AutoImmune Hepatitis (AIH)

 

 

Autoimmune Hepatitis (AIH) is a condition when an individual’s immune system attacks the cells of the liver, causing inflammation. It is a rare condition with prevalence estimated at 24.5 per 100,000 in the population, which also presents a sex-bias towards females (1).

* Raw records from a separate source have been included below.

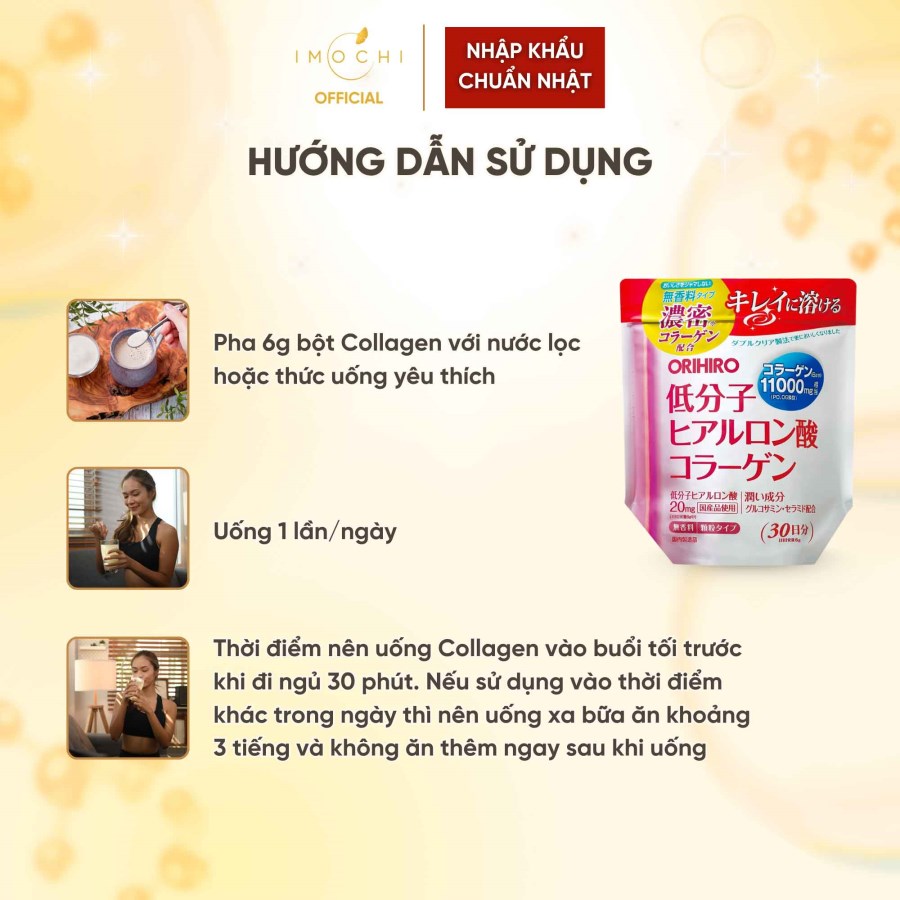 Trong Vòng 7 Ngày- Hàm lượng Collagen bổ sung trong bột Collagen Acid Hyaluronic Orihiro rất cao lên đến 11000mg. Theo ước tính sau tuổi trưởng thành, cơ thể mất khoảng 1% Collagen mỗi năm. Do đó, cung cấp Collagen hàm lượng cao cho cơ thể là điều cần thiết, đặc biệt với chị em phụ nữ sau tuổi 30.
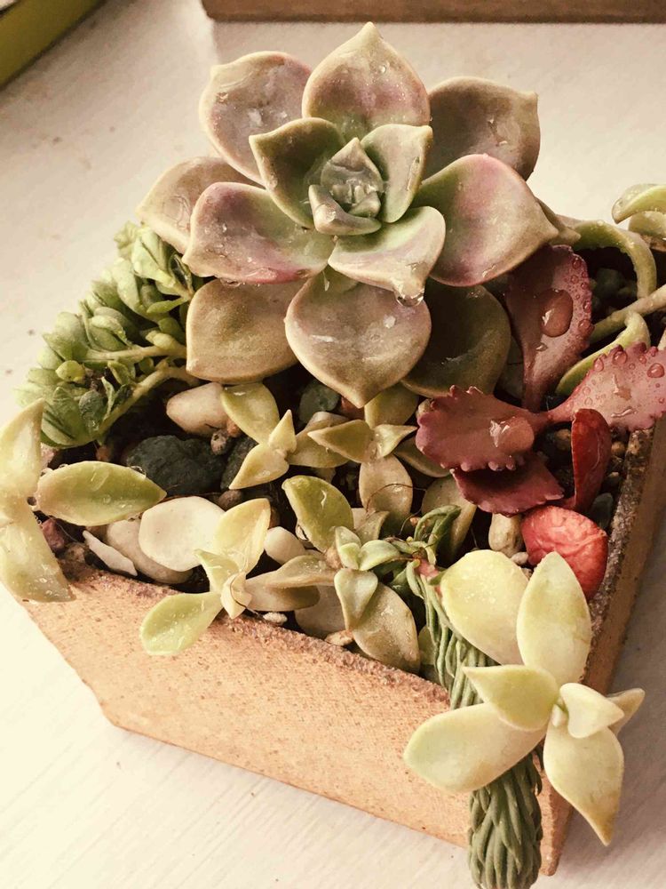 土日のみ営業のお店で、焼き物の多肉寄せ植えを購入→1度空にして再度好みの多肉で寄せ植えリメイク♡
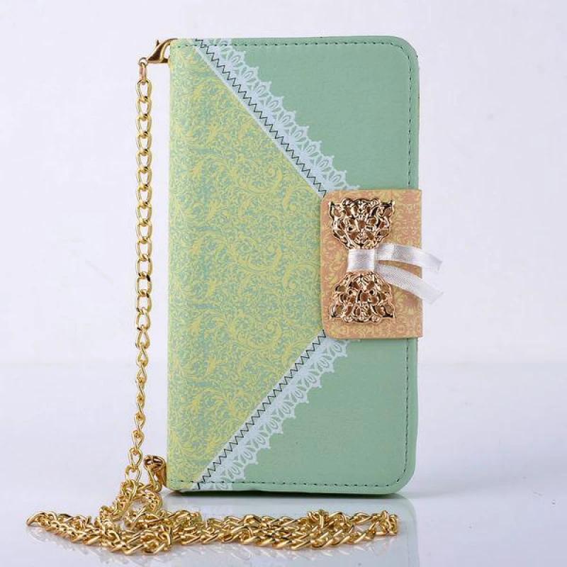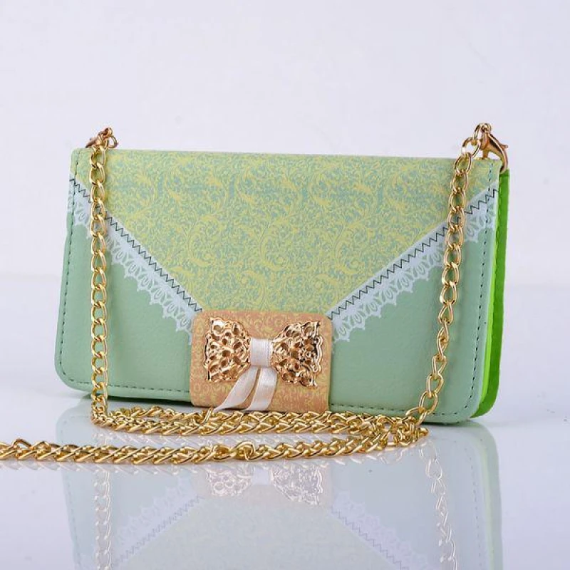 Et fiks læder pung cover med kæde så den kan bruges som en lille taske -Farve: lilla -med et smart mønster -med magnetisk lukkefunktion som holder coveret sikkert lukket -med flip stand så telefonen kan stå selv (praktisk når du skal se film eller høre musik) -Med indvendige lommer så..
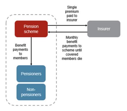 The scheme pays a fixed premium to an insurer, and in return, the insurer takes on responsibility for meeting the insured benefits, along with the interest rate, inflation, longevity and demographic risks associated with those benefits
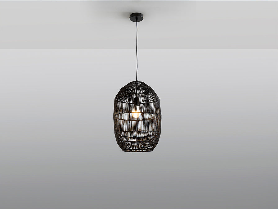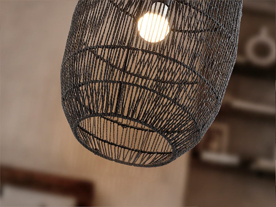 Candeeiro pequeno de 1 luz, realizado em metal, com abajur encordoado em fibra de papel, acabamento preto.
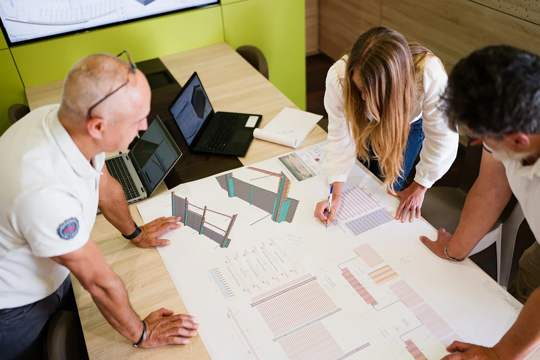 Grâce à la coordination fluide entre nos équipes terrain (conducteurs de travaux, chefs de chantier, poseurs) et nos équipes support (bureau d’études, manufacture),

Genetics are thought to play an important role in AIH activity. There are multiple genetic markers an individual can have within the ‘Human Leukocyte Antigen’ (HLA) gene region which are known to be linked in presence to AIH due to their impact on the structure of cell presentation known as ‘major histocompatibility complexes’ (MHCs). Changes in the structure of these from the differential genetics mentioned are thought to cause the body’s immune system to attack liver cells. Onset is believed to be more complex than just genetics however, with evidence that an environmental trigger such as infection may also be needed. With autoimmune conditions such as AIH, it is common for sufferers  to have comorbidity with other autoimmune conditions (2).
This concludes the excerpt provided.